39 years is nothing – half of a human lifetime. And remember that you never even had to leave home. Once you get to Alpha Centauri you can explore, take pictures, visit the locals, colonize, do whatever you’d like. You can refuel the sun by gobbling up whatever gas giants you might find there, or by siphoning off a bit of the local Sun’s mass. And then you can be on your way to the next solar system that you’d like to explore.
Make it a 3 million year trip – the scale of time during which proto-humans evolved into us. If you arrive at a new solar system every 50 years, then the human race will have explored some 60,000 solar systems and traveled 240,000 light years during those scant 3 million years.
240,000 light years!
The diameter of our galaxy is only 100,000 light years. During those 3 million years you could travel from one end of the galaxy and back again. And after all that exploring, perhaps the human race would be ready to make the big jump to neighboring galaxies. Andromeda is only 2.2 million light years away. So what if it takes us some 11 million years to get there. That is just a blink in geological time.
And what does it matter, because we will have never left home.
And think about this. Why stop at merely moving the Sun. The same approach could be used to move entire galaxies. We all know that the universe about us is expanding, all these distant galaxies hurtling away from us, all this motion an artifact of the Big Bang. Perhaps not an artifact of the Big Bang. Maybe the resident big brains of our universe have converted the galaxies into massive spacecraft, and they are just going on a little outing to visit the neighbors.
NEWS YOU CAN USE
Fusion reactors in science fiction are as common place as Star Trek novelizations – all pretty much the same thing, based on the same premise, using the same old tired technology. Fusion reactors come in two flavors – get a big plasma chamber, add monster superconducting magnets to hold that plasma in, and then push the temperatures and pressures high enough (trying to build a little sun) and atoms fuse together, throwing off some energy. The other approach is to bombard a small pellet of fuel with some mighty laser/ion beams, and as the pellet implodes due to the shockwave generated, the atoms in the pellet fuse together, throwing off some energy.

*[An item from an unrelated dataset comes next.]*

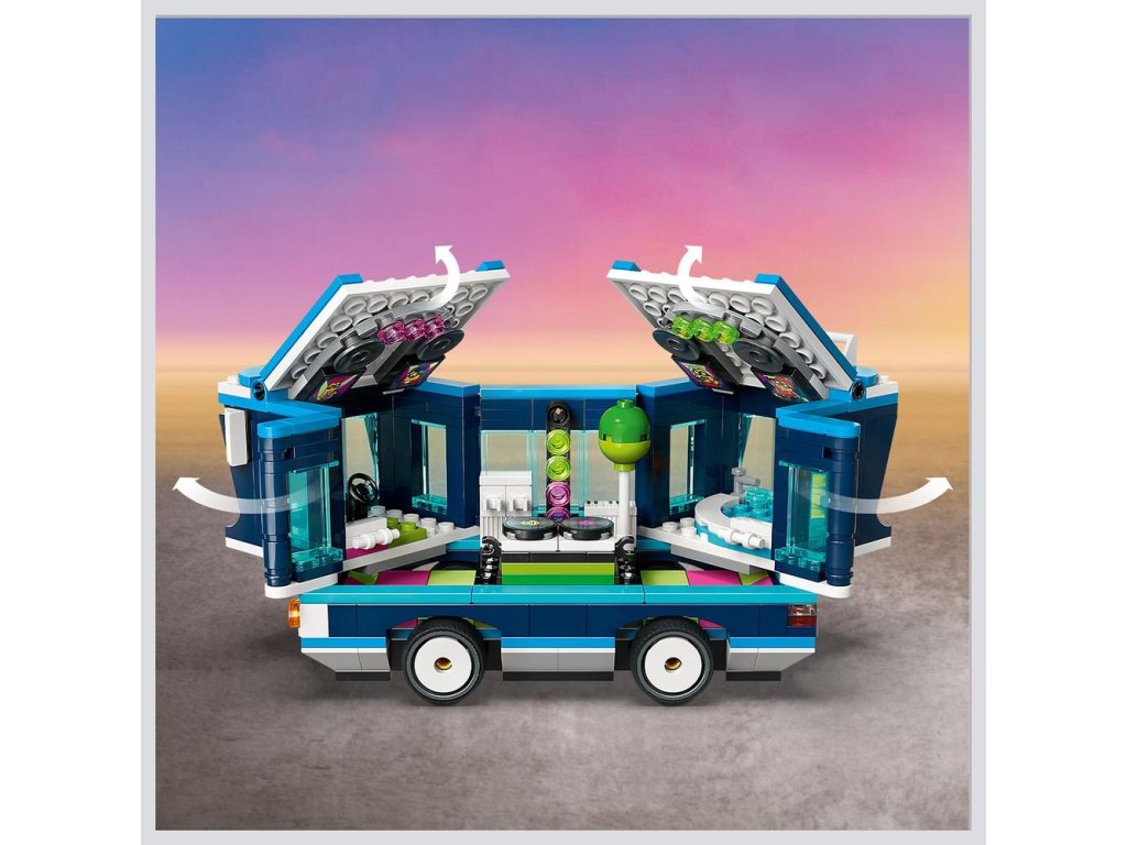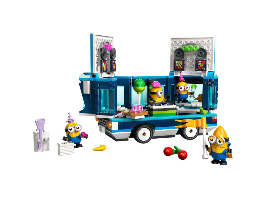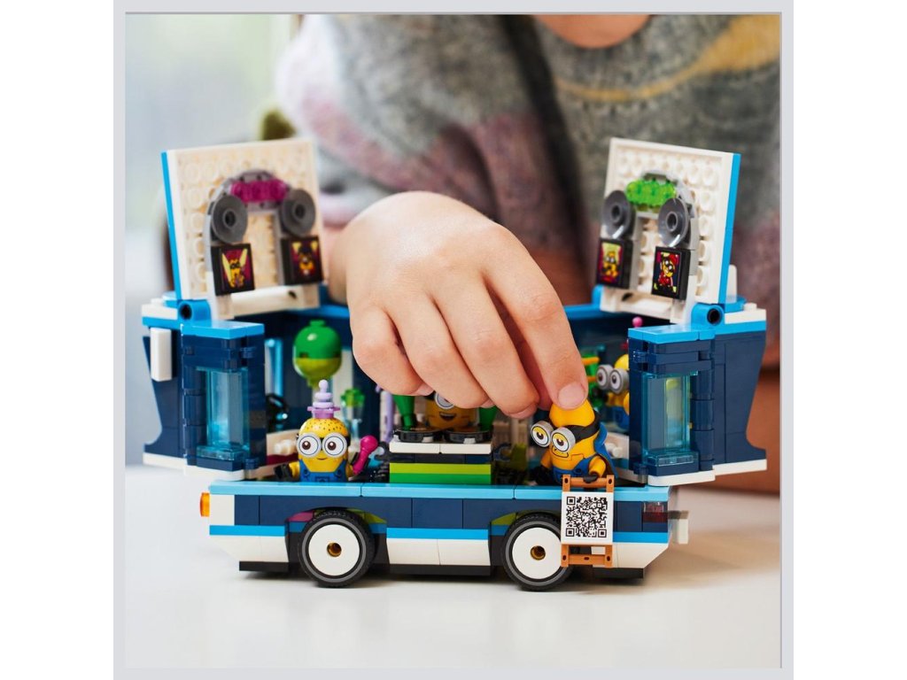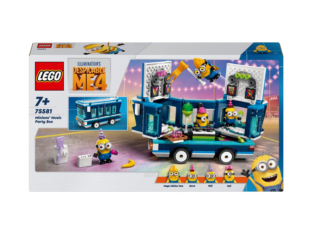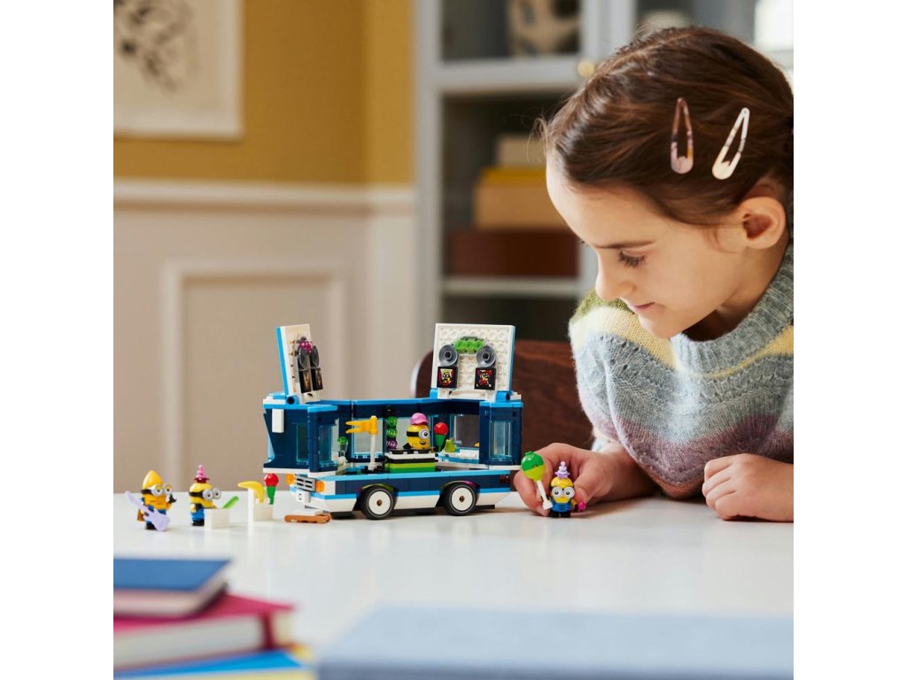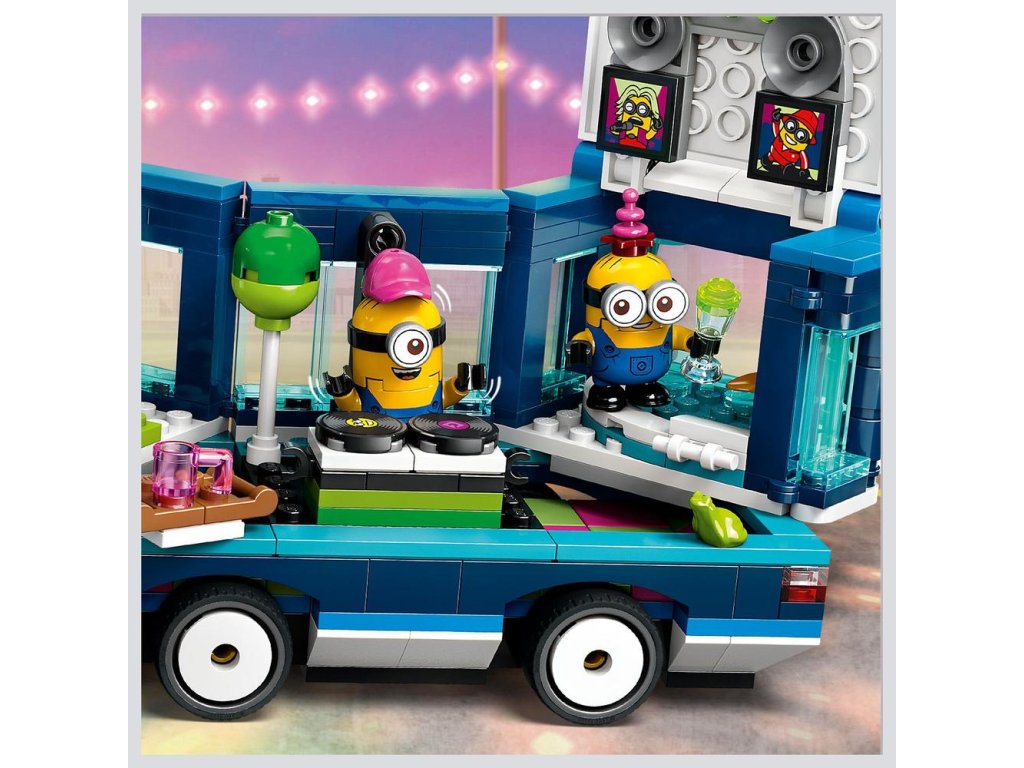 Stavebnica obsahuje 4 figúrky Mimoňov: Phila, Mel, Davea a lietajúceho Mega Mimoňa Gusa, ktorý sa prvýkrát objavil vo filme Ja, zloduch 4. V autobuse nájdete sedadlo vodiča aj tyč na streche, na ktorú sa Gus môže zavesiť. Autobus môžete otvoriť z jednej strany a takisto možno nadvihnúť strechu, čím odhalíte tanečný parket, DJ pult, elektrickú gitaru, klavír, mikrofón, svetlá, reproduktory a vírivku! Mnohé prvky sa dajú odpojiť a rozšíriť tak herné možnosti aj mimo autobusu. Táto zábavná hračka hýri pestrými farbami a parádnymi doplnkami vrátane vlajky, balóna, zmrzliny, klobúkov, nápojov, svetiel, reproduktorov a obrazoviek. Ešte viac digitálnej zábavy si deti užijú v aplikácii LEGO Builder.

That’s how it’s typically done in science fiction.
And that’s also how it’s typically done in the real world. No, at the moment there are no actual fusion reactors producing more energy than they consume, but things are getting close. In the next ten years a monster called ITER (International Thermonuclear Experimental Reactor) which will cost $10 billion may be built, and may just produce more energy than it consumes. ITER follows the old tried and true approach of building a little sun by getting a plasma as hot and dense as possible. Other folks at Lawrence Livermore Laboratory are about to break ground on the NIF (National Ignition Facility) and will give the laser implosion approach a go around.
Those are the two politically correct approaches.
Those are the two which fill our science fiction futures.
But those futures may not come to pass. A few new things are on the fusion horizon. I’m not talking about cold fusion in test tubes, or someone selling snake oil and fusion reactors from the back of a van. This is real.
The Z Machine (1). Forget all those liquid helium cooled superconducting magnets to hold your plasma in. There are other ways to generate a magnetic field. Any time electric current flows through a wire, it generates a magnetic field. What researchers have done at Sandia National Laboratories is to send an enormous blast of electricity through an array of parallel wires – enough electricity to vaporize the wires, transforming them into a plasma, which in turn gets compressed by the magnetic fields generated by the current flow. Compressed plasma gets hot – in this case 1.5 million degrees. Right now the experimental Z machine can produce about 20% of the energy, 40% of the power, and 33 to 50% of the temperature required for nuclear fusion to produce more energy than it consumes. As a bonus, this machine produces X-rays in the 200 terrawatt range (that is million-million watt), more than enough to X-ray every set of teeth on the planet.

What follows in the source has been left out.